パライゾの寺
パライゾの寺 / 感想・レビュー
りー
短編集。「オール読物」連載作品。著者が宮本常一さんの作品や、郷里の昔話、郷土史、新聞の記事などに触発されて書いた作品。江戸末期~昭和初期頃の土佐に関するお話が多い。私にはコントラストが強すぎ、楽しく読み終わる感じではなかったけれど、たまには良い。
2023/03/04
ラグエル
「切支丹であっとは、いつでも天主さまの思し召しに従う覚悟ができとるということさ。そいは拷問を受け、火炙りにさるっことでもあっと。ばってんそん試練こそが、おいたちの霊魂をパライゾに運んでくれる救いの手よ」だから、弾圧しても増え続けるわけですよ。踏み絵を踏みつけた罪を赦される、「コンチリサンの祈り」という「おらしょ」ってのがあるんですね。日本史の授業聴きながら、そういうのなかったのかなーとか思っていたんだけれど。
2011/08/04
にゃも
以前、時代劇チャンネルにハマっていた。その時に見た『子連れ狼』(拝一刀はもちろん萬屋錦之助!)で隠れキリシタンが出てくる回があった。

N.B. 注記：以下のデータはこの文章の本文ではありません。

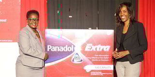Glaxosmithkline General Manager EA Debra Mallowah (right) and GSK Marketing Manager for Wellness Maureen Kayi (left) display a model of the new pack during the official launch of the new Panadol Extra. PHOTO | COURTESY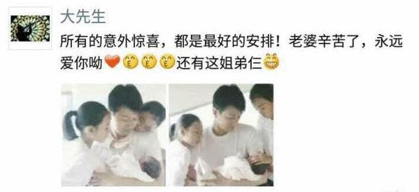 5月4日,佟大为在朋友圈晒出怀抱婴儿的照片,并写道:“所有的意外惊喜,都是最好的安排!老婆辛苦了,永远爱你呦,还有这姐弟仨。”
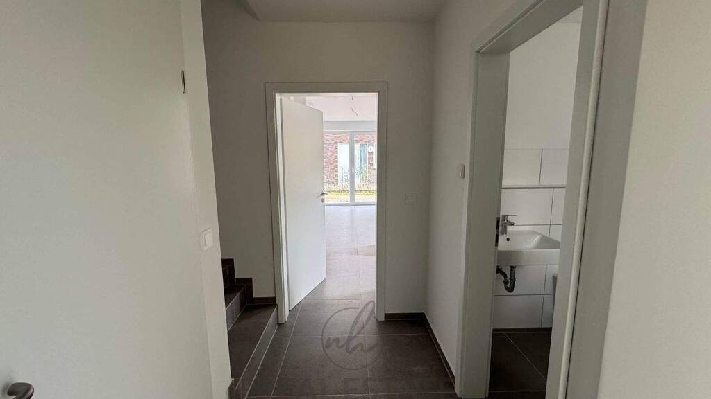 Im Erdgeschoss erwarten Sie ein Gäste-WC, ein praktischer Hauswirtschaftsraum für den Wasserspeicher der Luftwärmepumpe sowie der offene Wohn- und Küchenbereich mit direktem Zugang zur sonnigen Terrasse – ideal für entspannte Stunden im Freien.

話の内容は忘れてしまったが、幼い杉田かおるが口ずさんでいた歌が今でも頭から離れない。パライゾの寺へ~参ろぉぉぉ♪なんとも不思議な節回しとパライゾという言葉…あぁ、たまらん!と、最近になってこの本を見つけた。このタイトルである。読むしかあるまい。宮本常一の著書を彷彿とさせる内容で土俗的世界にどっぷりひたることができて大満足。秀逸はやはりタイトルの話。とても哀しくて美しい…。
2016/08/03
tama
図書館本 坂東シリーズ これは大変佳い作品と思います。アホな男はいつもの通りそこここに(「虫の声」「六部さま」)出ており、対する女のしたたかさは更にくっきりと。短編集ですが基本全部つながっており大きな流れは最後まで残っています。「パライソの寺」はユダが死ななかったらという物語にも思えます。「朱の棺」は息子が夢枕に立ってからの両親の心の解放が好くてちょっと泣けるほど。もっと評価されてよい作品と思います。参りました。
2014/08/16
mari
幕末〜維新、太平洋戦争と激動の時代に翻弄された庶民の濃密な記憶の短編集。坂東眞砂子ならではのグロテスクでエロチックな味付けはいつも通り。土佐弁と長崎弁がそれをいっそう濃厚にさせる。好きと嫌いが極端に別れる作家さんですね。